Starting at the line that contains "Вантовый мост в" in the listing below, write out every line word for word until you have written the line that contains "y una gamba/langostino.".

TASK INPUT
- - -
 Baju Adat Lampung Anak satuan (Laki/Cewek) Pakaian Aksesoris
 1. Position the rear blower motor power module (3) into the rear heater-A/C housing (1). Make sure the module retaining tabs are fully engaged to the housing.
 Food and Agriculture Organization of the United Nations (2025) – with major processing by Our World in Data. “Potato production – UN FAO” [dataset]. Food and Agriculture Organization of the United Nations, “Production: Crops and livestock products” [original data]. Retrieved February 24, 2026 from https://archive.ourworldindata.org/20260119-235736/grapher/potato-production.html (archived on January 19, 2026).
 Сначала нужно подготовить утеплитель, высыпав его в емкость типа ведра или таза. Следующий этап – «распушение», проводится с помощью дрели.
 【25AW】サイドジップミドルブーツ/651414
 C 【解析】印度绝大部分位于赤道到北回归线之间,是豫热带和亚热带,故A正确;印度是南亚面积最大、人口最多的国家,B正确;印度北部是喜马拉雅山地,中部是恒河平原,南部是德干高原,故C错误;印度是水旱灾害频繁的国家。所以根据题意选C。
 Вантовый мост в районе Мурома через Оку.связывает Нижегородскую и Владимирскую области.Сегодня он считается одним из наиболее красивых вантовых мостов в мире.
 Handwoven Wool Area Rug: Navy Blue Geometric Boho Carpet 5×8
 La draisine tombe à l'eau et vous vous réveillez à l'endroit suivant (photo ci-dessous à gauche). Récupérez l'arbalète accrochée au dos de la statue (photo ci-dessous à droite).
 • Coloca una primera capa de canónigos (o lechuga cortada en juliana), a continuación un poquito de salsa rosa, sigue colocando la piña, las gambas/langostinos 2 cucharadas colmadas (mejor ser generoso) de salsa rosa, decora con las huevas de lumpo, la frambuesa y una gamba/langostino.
- - -
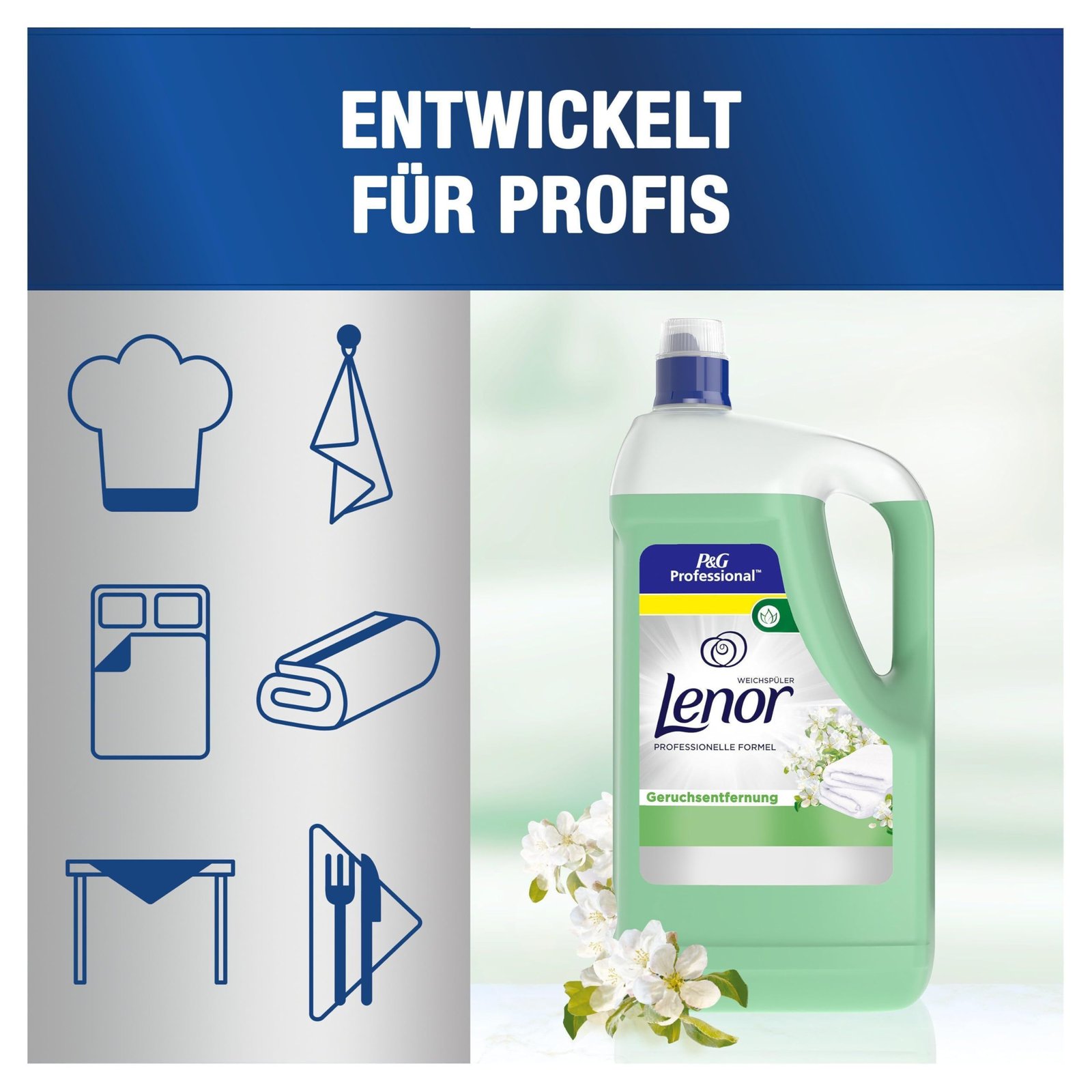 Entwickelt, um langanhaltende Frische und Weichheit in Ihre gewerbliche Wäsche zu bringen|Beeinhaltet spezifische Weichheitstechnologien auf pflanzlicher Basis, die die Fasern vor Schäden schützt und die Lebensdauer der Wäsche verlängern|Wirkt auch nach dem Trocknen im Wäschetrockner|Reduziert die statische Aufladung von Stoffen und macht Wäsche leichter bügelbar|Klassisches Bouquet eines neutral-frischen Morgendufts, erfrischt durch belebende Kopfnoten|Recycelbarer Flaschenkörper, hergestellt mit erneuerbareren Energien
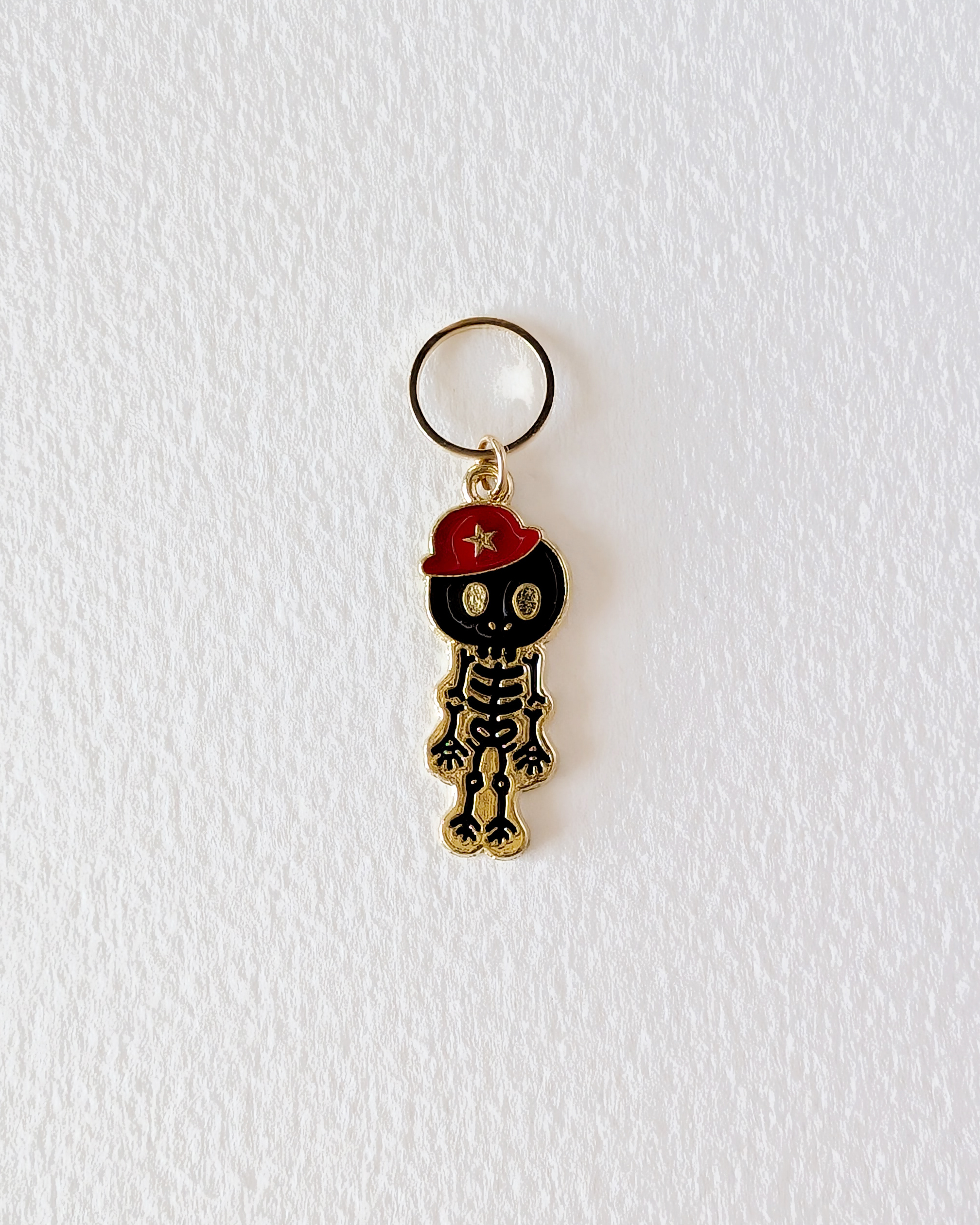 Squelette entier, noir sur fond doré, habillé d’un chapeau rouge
- - -
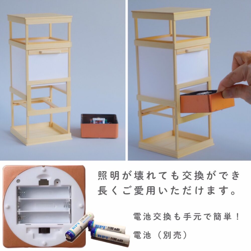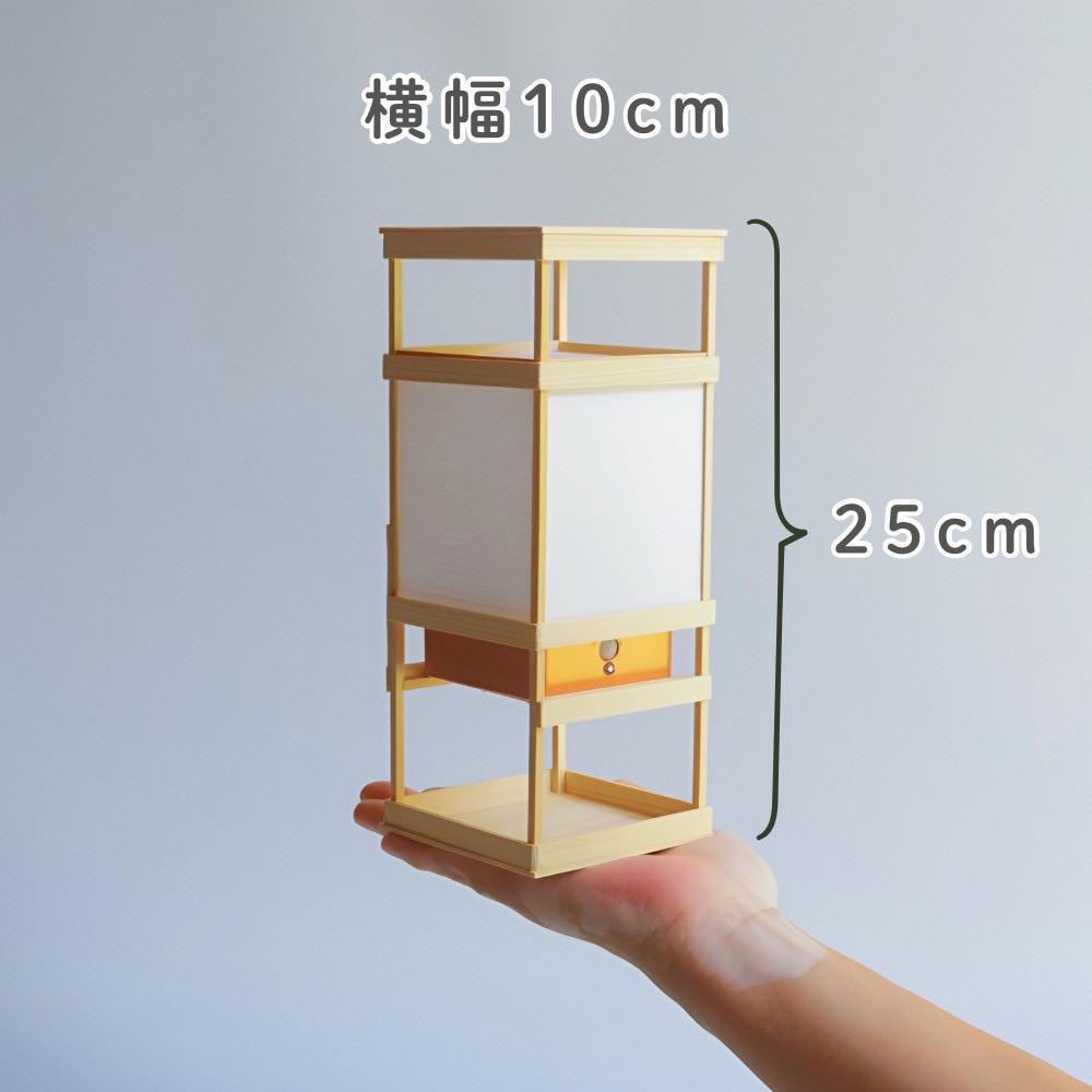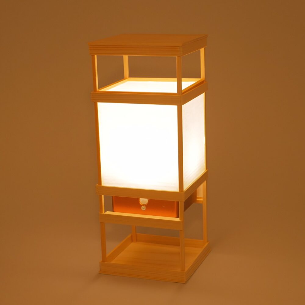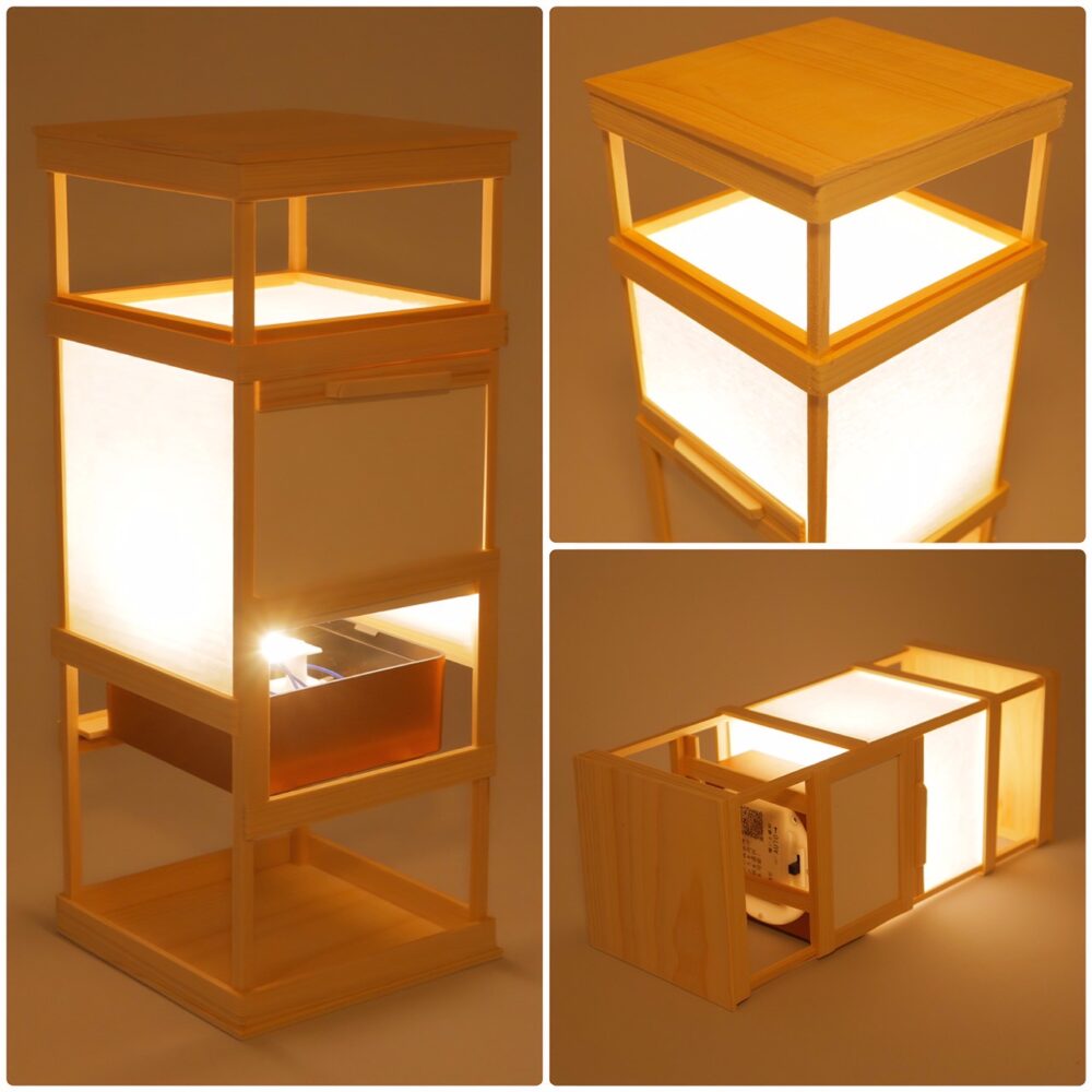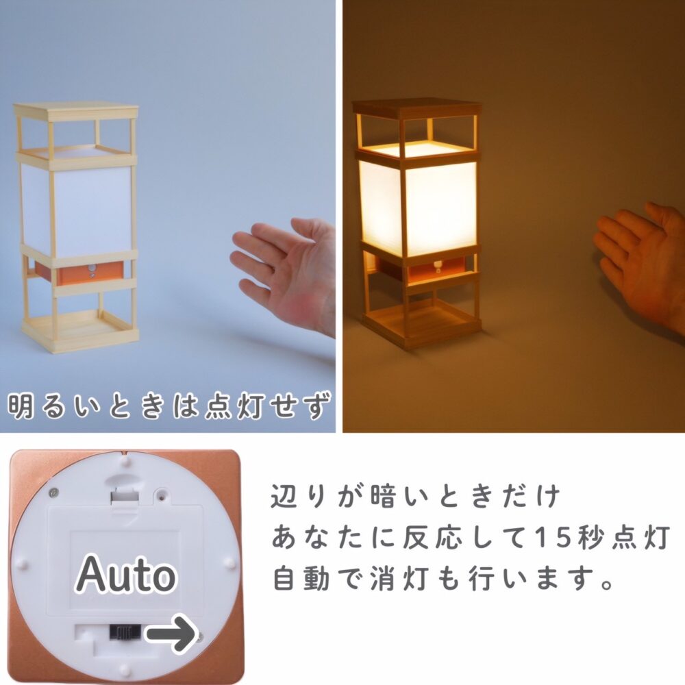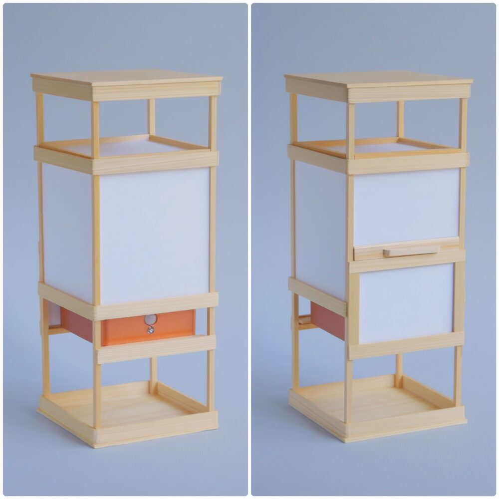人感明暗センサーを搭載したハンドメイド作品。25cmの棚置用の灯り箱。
- - -
EXERCISE SOLUTION
 Вантовый мост в районе Мурома через Оку.связывает Нижегородскую и Владимирскую области.Сегодня он считается одним из наиболее красивых вантовых мостов в мире.
 Handwoven Wool Area Rug: Navy Blue Geometric Boho Carpet 5×8
 La draisine tombe à l'eau et vous vous réveillez à l'endroit suivant (photo ci-dessous à gauche). Récupérez l'arbalète accrochée au dos de la statue (photo ci-dessous à droite).
 • Coloca una primera capa de canónigos (o lechuga cortada en juliana), a continuación un poquito de salsa rosa, sigue colocando la piña, las gambas/langostinos 2 cucharadas colmadas (mejor ser generoso) de salsa rosa, decora con las huevas de lumpo, la frambuesa y una gamba/langostino.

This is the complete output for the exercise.